[Records from a collection]
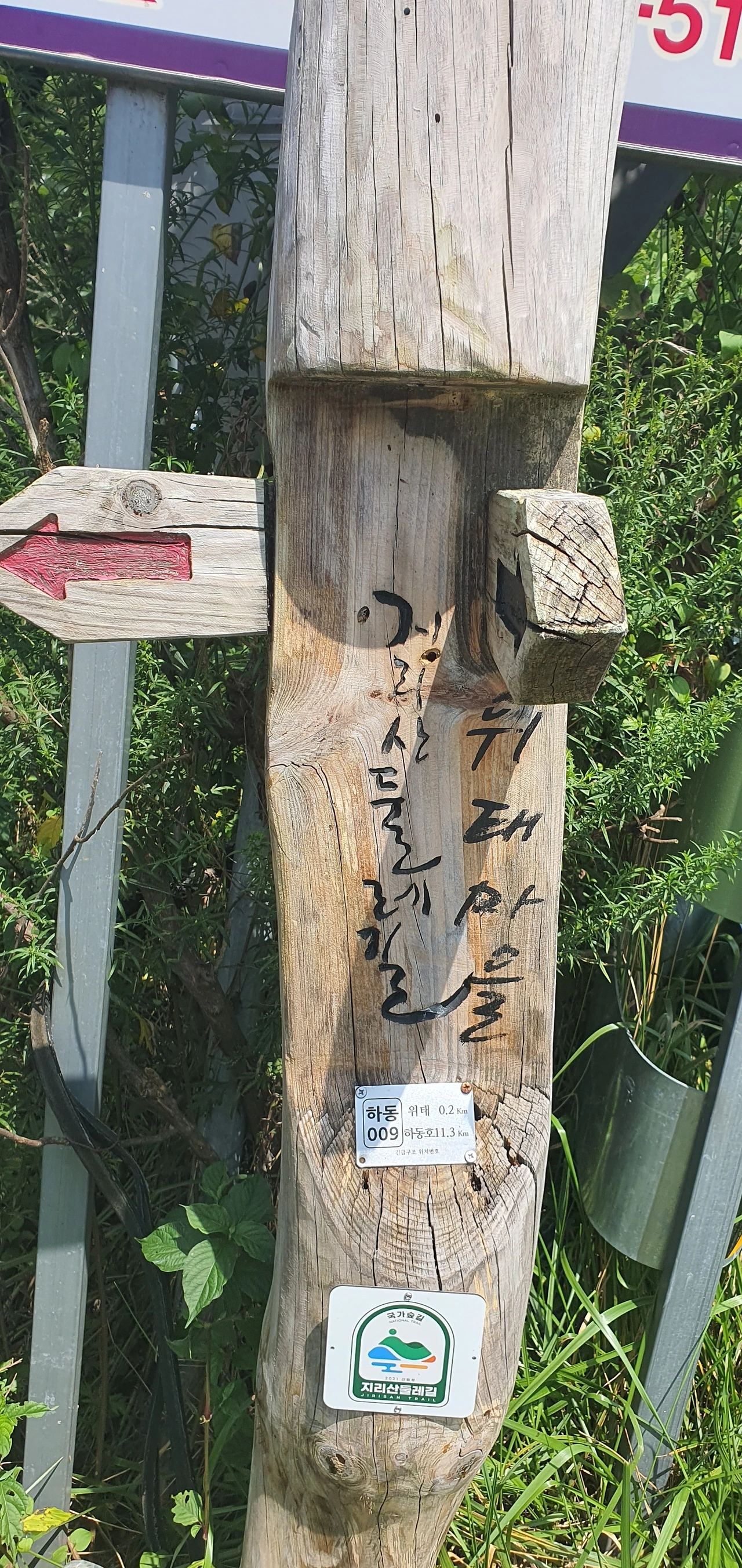 마을을 지키는 것은 감나무, 매미소리, 한참 푸른색이 짙어지는 벼, 그리고 예쁠 것도 없는 담장들이었다. 고즈넉하다는 말을 일러줬던 지난가을 날 산행, 형용사는 사람 그림자를 보고 쓰는 말이지. 마을 정류장 근처에 차를 세우고 짐을 챙기고 옷도 갈아입었다. 낮이었지만 적막했다. 낮이어서 적적했다. 한 사람도 못 봤다고 그러는 강이에게 웃음을 날렸다. 날이 덥잖아, 오늘 같은 날 둘레길 걷는 사람은 우리밖에 없을지도 몰라. 챙이 긴 모자는 산이와 내가 쓰고, 엄마와 강이는 목덜미부터 얼굴까지 가려주는 모자를 썼다. 이번 둘레길 10코스를 위해 특별히(?) 장만한 아이템이다. 최고는 몸빼라고 부르는 고무줄 통바지였다. 내가 몸빼가 몬페もんぺ인 것을 알고 놀랬던 교실, 선한 눈빛에 다리가 불편했던 고지마 선생님. 모두 옛날이야기가 됐다. 여름 산을 걸을 때는 몸빼만 한 것이 없더라고 나는 어디에 가서 외치고 싶다. 만약 몸빼를 입지 않았다면 얼마나 더 힘들었을까. 이제는 그 상상만으로도 아슬아슬하다. 몸빼 4인방, 출발!
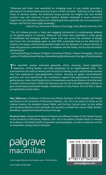"Marc Silberman and Florence Vatan have assembled an intriguing array of case studies providing a panorama of commemorative practices in post-conflict scenarios. Testimony to the mature status of memory studies, the distinctive essays provide rich insights into how divided societies cope with memories of past violence. Readers interested in recent mnemonic trajectories and attendant political and cultural practices - primarily but not exclusively in Europe - will find this book highly rewarding." - Daniel Levy, Associate Professor of Sociology, Stony Brook University, USA 'This rich volume provides a lively and engaging introduction to contemporary debates on the global politics of memory. Silberman and Vatan have assembled a stellar group of established and emerging scholars whose work cuts across the continent of Europe and moves into non-European space as well. With a particular focus on the aftermath of violence, the essays collected here provide insight into the dynamics of cultural memory in state and grassroots commemorations, in museums and the media, and in trials and artistic performances.' - Michael Rothberg, Professor of English, University of Illinois, Urbana-Champaign, USA, and author of Multidirectional Memory: Remembering the Holocaust in the Age of Decolonization
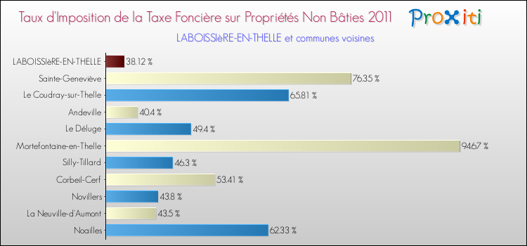 Comparaison des taux d'imposition de la taxe foncière sur les immeubles et terrains non batis  2011 pour LABOISSIèRE-EN-THELLE et les communes voisines
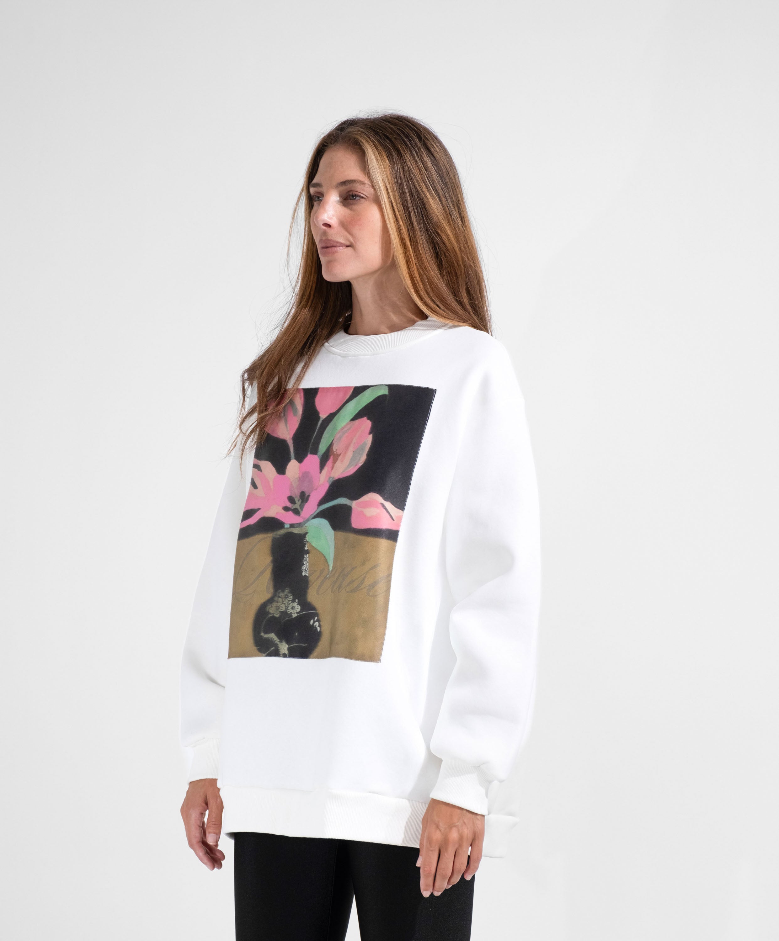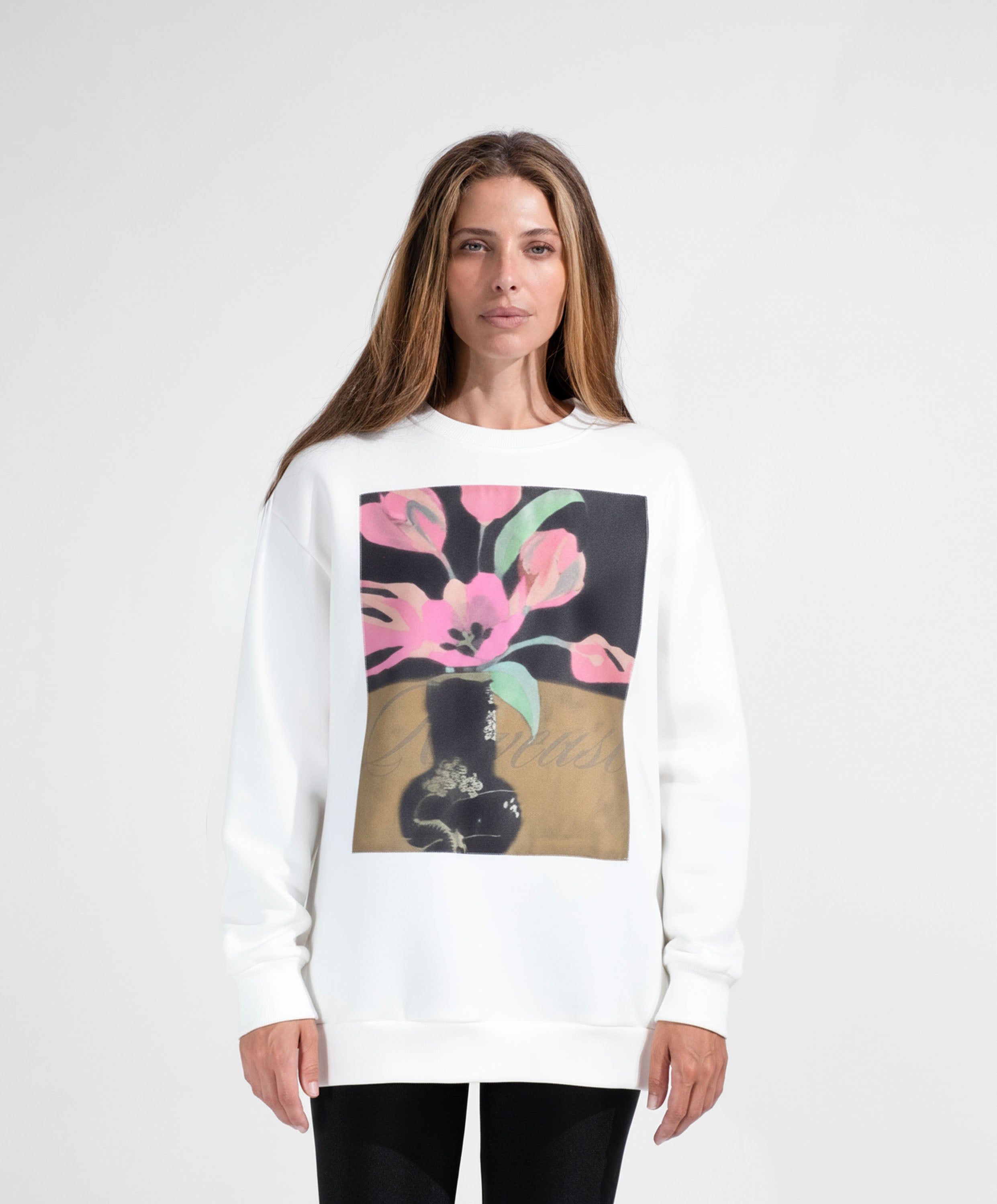 Felpa girocollo donna, vestibilità over, 90% cotone 10% poliestere 300gr, bandiera logo Ko Samui sul fianco.
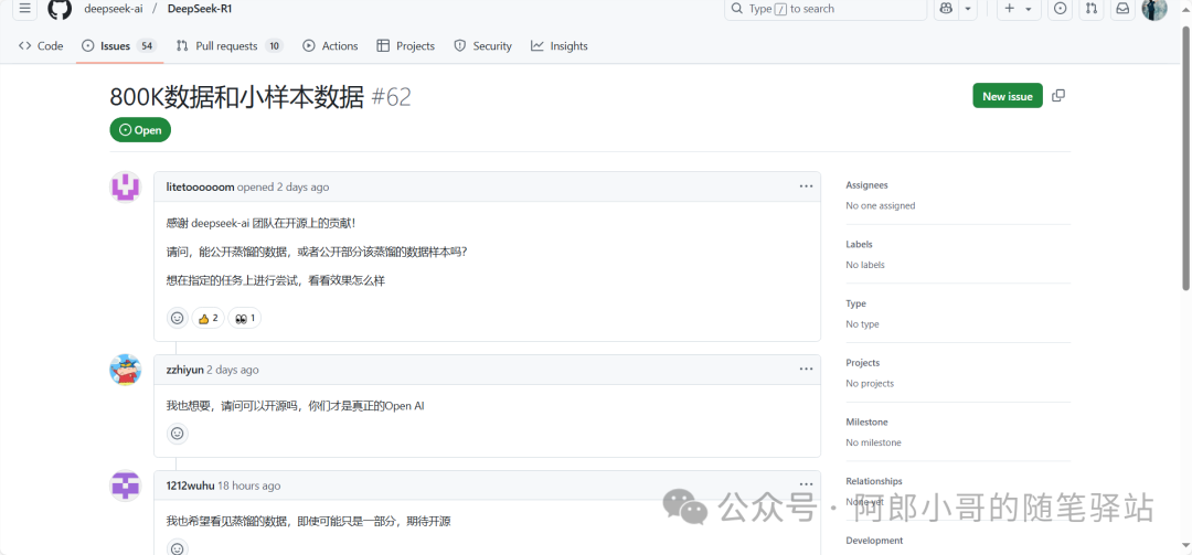 相比较别的DeepSeek帖子,本文要更侧重于知识蒸馏,而这一部分在paper中也是极少叙述的,只是阐述了简单的过程及效果。而其中可挖掘的内容是很多的,尤其是在显存等硬件受限的情况下,通过API调用DeepSeek R1生成的数据结合自定义的CoT数据,训练小模型,最后取得更好的效果。可惜,官方paper这些都没有放出来,但issue上关于这块的也是不少,希望官方可以考虑放出来一下。

WHAT YOU ARE ASKED TO DO
Except for the pictures, set down all of the records exactly as they are.

SOLUTION TO THIS TASK
 마을을 지키는 것은 감나무, 매미소리, 한참 푸른색이 짙어지는 벼, 그리고 예쁠 것도 없는 담장들이었다. 고즈넉하다는 말을 일러줬던 지난가을 날 산행, 형용사는 사람 그림자를 보고 쓰는 말이지. 마을 정류장 근처에 차를 세우고 짐을 챙기고 옷도 갈아입었다. 낮이었지만 적막했다. 낮이어서 적적했다. 한 사람도 못 봤다고 그러는 강이에게 웃음을 날렸다. 날이 덥잖아, 오늘 같은 날 둘레길 걷는 사람은 우리밖에 없을지도 몰라. 챙이 긴 모자는 산이와 내가 쓰고, 엄마와 강이는 목덜미부터 얼굴까지 가려주는 모자를 썼다. 이번 둘레길 10코스를 위해 특별히(?) 장만한 아이템이다. 최고는 몸빼라고 부르는 고무줄 통바지였다. 내가 몸빼가 몬페もんぺ인 것을 알고 놀랬던 교실, 선한 눈빛에 다리가 불편했던 고지마 선생님. 모두 옛날이야기가 됐다. 여름 산을 걸을 때는 몸빼만 한 것이 없더라고 나는 어디에 가서 외치고 싶다. 만약 몸빼를 입지 않았다면 얼마나 더 힘들었을까. 이제는 그 상상만으로도 아슬아슬하다. 몸빼 4인방, 출발!
"Marc Silberman and Florence Vatan have assembled an intriguing array of case studies providing a panorama of commemorative practices in post-conflict scenarios. Testimony to the mature status of memory studies, the distinctive essays provide rich insights into how divided societies cope with memories of past violence. Readers interested in recent mnemonic trajectories and attendant political and cultural practices - primarily but not exclusively in Europe - will find this book highly rewarding." - Daniel Levy, Associate Professor of Sociology, Stony Brook University, USA 'This rich volume provides a lively and engaging introduction to contemporary debates on the global politics of memory. Silberman and Vatan have assembled a stellar group of established and emerging scholars whose work cuts across the continent of Europe and moves into non-European space as well. With a particular focus on the aftermath of violence, the essays collected here provide insight into the dynamics of cultural memory in state and grassroots commemorations, in museums and the media, and in trials and artistic performances.' - Michael Rothberg, Professor of English, University of Illinois, Urbana-Champaign, USA, and author of Multidirectional Memory: Remembering the Holocaust in the Age of Decolonization
 Comparaison des taux d'imposition de la taxe foncière sur les immeubles et terrains non batis  2011 pour LABOISSIèRE-EN-THELLE et les communes voisines
 Felpa girocollo donna, vestibilità over, 90% cotone 10% poliestere 300gr, bandiera logo Ko Samui sul fianco.
 相比较别的DeepSeek帖子,本文要更侧重于知识蒸馏,而这一部分在paper中也是极少叙述的,只是阐述了简单的过程及效果。而其中可挖掘的内容是很多的,尤其是在显存等硬件受限的情况下,通过API调用DeepSeek R1生成的数据结合自定义的CoT数据,训练小模型,最后取得更好的效果。可惜,官方paper这些都没有放出来,但issue上关于这块的也是不少,希望官方可以考虑放出来一下。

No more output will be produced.